# WHAT THE TASK REQUIRES:
Would you please transcribe the data in full and exactly, excluding images?

# EXERCISE DATA:
-- -- --
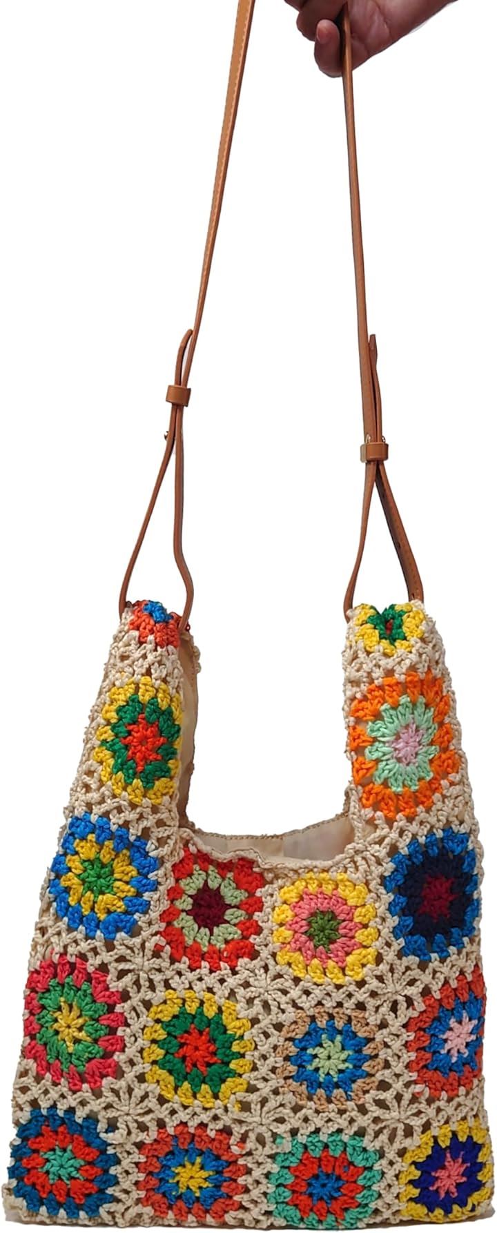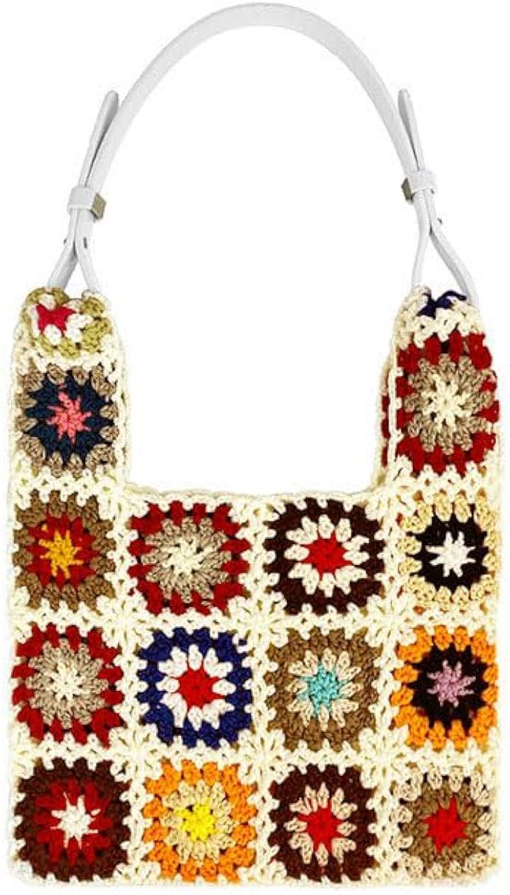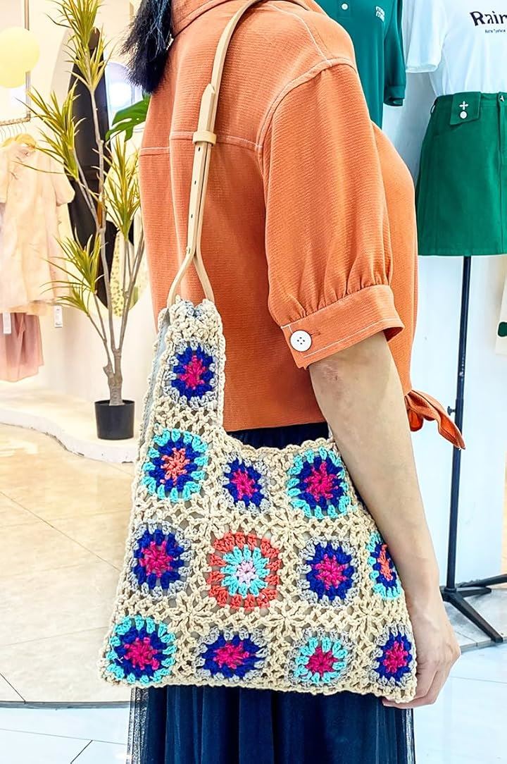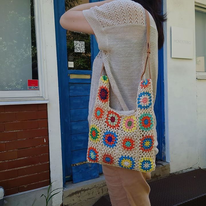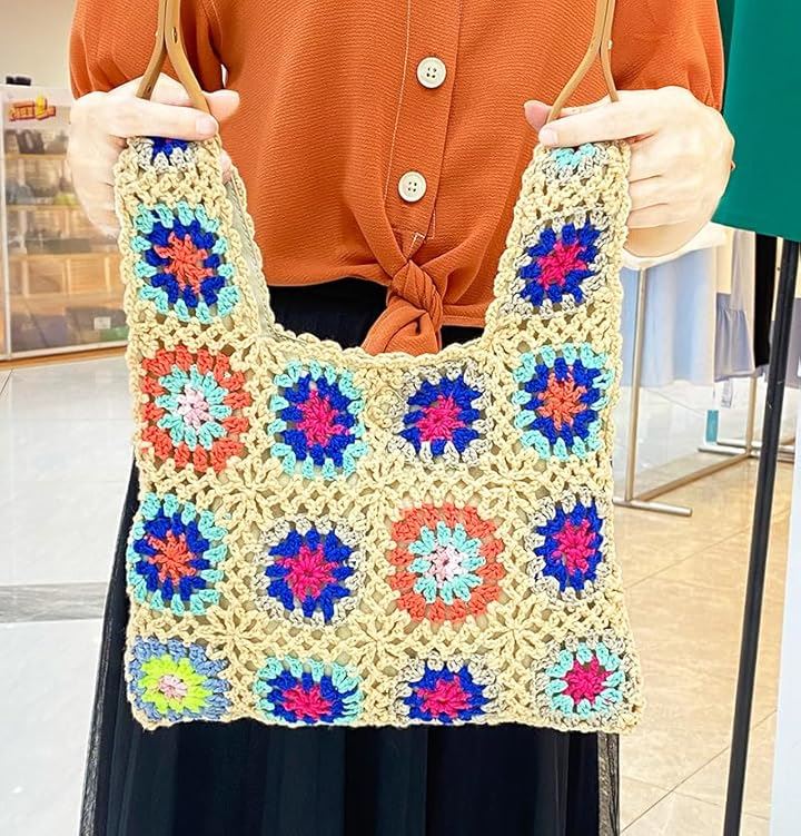 モチーフ編み ニットバッグ 裏地付き かわいい ガーリー ポップ フラワー スマホバッグ ベージュ
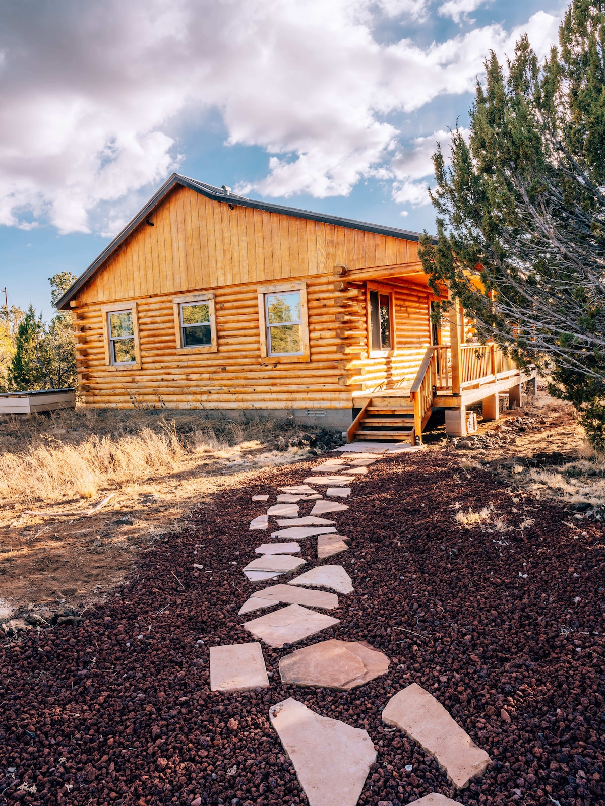 Tá ár gcábán ar 1 acra de thalamh fálaithe i bPáirceanna, AZ agus tá an teaghlach faoi úinéireacht & á oibriú. Tá sé uathúil, mar tá sé ag críochantacht le foraois náisiúnta i gcul - de - sac. Tá sé thart ar 4 mhíle siar ó thuaidh ó I -40 & Rt 66, rud a fhágann gur suíomh ciúin é ar shiúl ón traein & torann saorbhealaigh. Tá thart ar 1500 cónaitheoir i bpáirceanna agus tá siad idir Flagstaff & Williams. Níl an Grand Canyon ach uair an chloig ó thuaidh ó Williams chomh maith. Adhmad dóiteáin san áireamh le haghaidh sorn adhmaid agus poll dóiteáin lasmuigh.
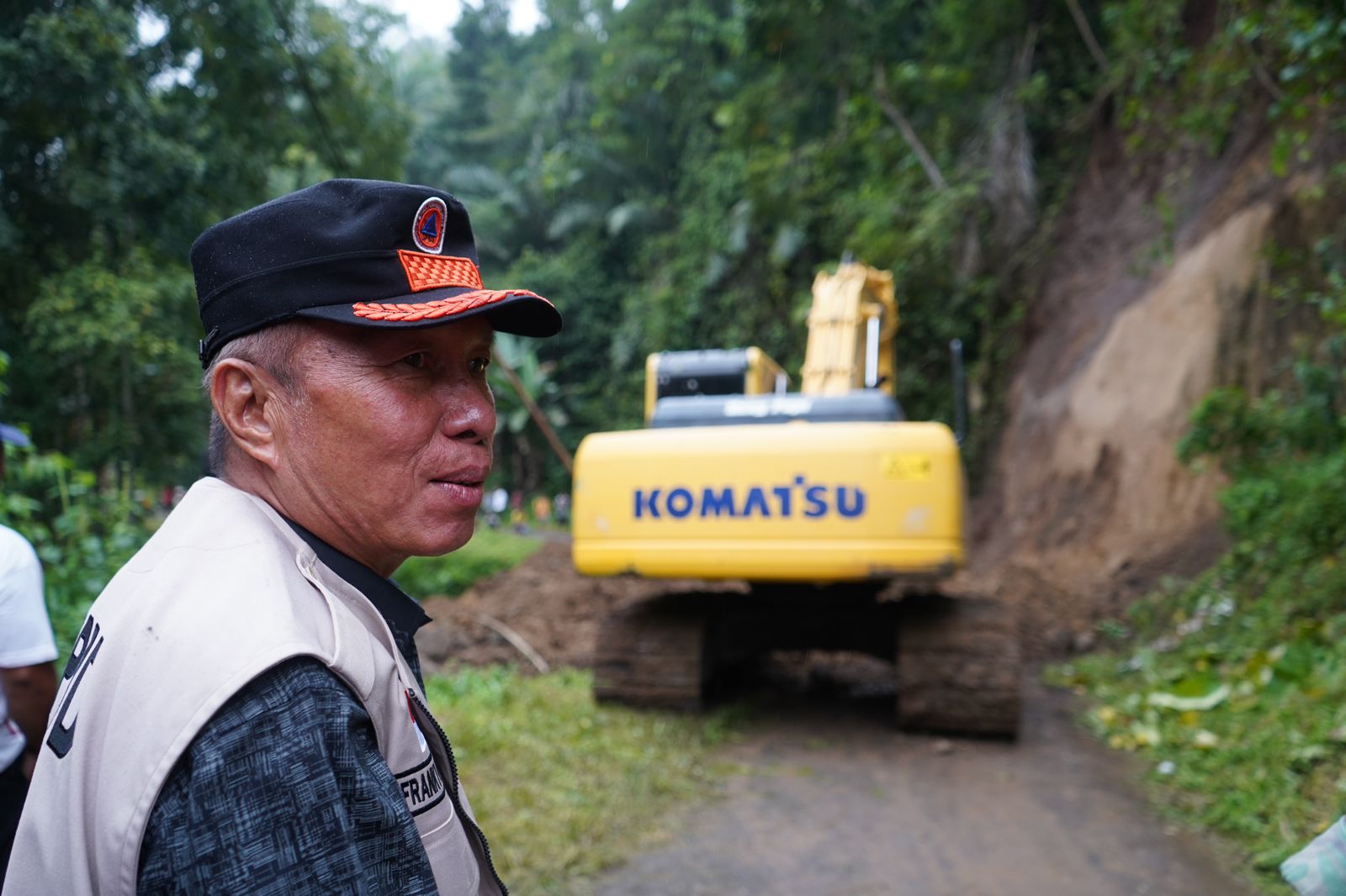 Bupati FDW dengan sigap segera memerintahkan instansi terkait menurunkan alat berat untuk mengatasi tanah longsor tersebut.
-- -- --
# SOLUTION TO THE PROBLEM:
 モチーフ編み ニットバッグ 裏地付き かわいい ガーリー ポップ フラワー スマホバッグ ベージュ
 Tá ár gcábán ar 1 acra de thalamh fálaithe i bPáirceanna, AZ agus tá an teaghlach faoi úinéireacht & á oibriú. Tá sé uathúil, mar tá sé ag críochantacht le foraois náisiúnta i gcul - de - sac. Tá sé thart ar 4 mhíle siar ó thuaidh ó I -40 & Rt 66, rud a fhágann gur suíomh ciúin é ar shiúl ón traein & torann saorbhealaigh. Tá thart ar 1500 cónaitheoir i bpáirceanna agus tá siad idir Flagstaff & Williams. Níl an Grand Canyon ach uair an chloig ó thuaidh ó Williams chomh maith. Adhmad dóiteáin san áireamh le haghaidh sorn adhmaid agus poll dóiteáin lasmuigh.
 Bupati FDW dengan sigap segera memerintahkan instansi terkait menurunkan alat berat untuk mengatasi tanah longsor tersebut.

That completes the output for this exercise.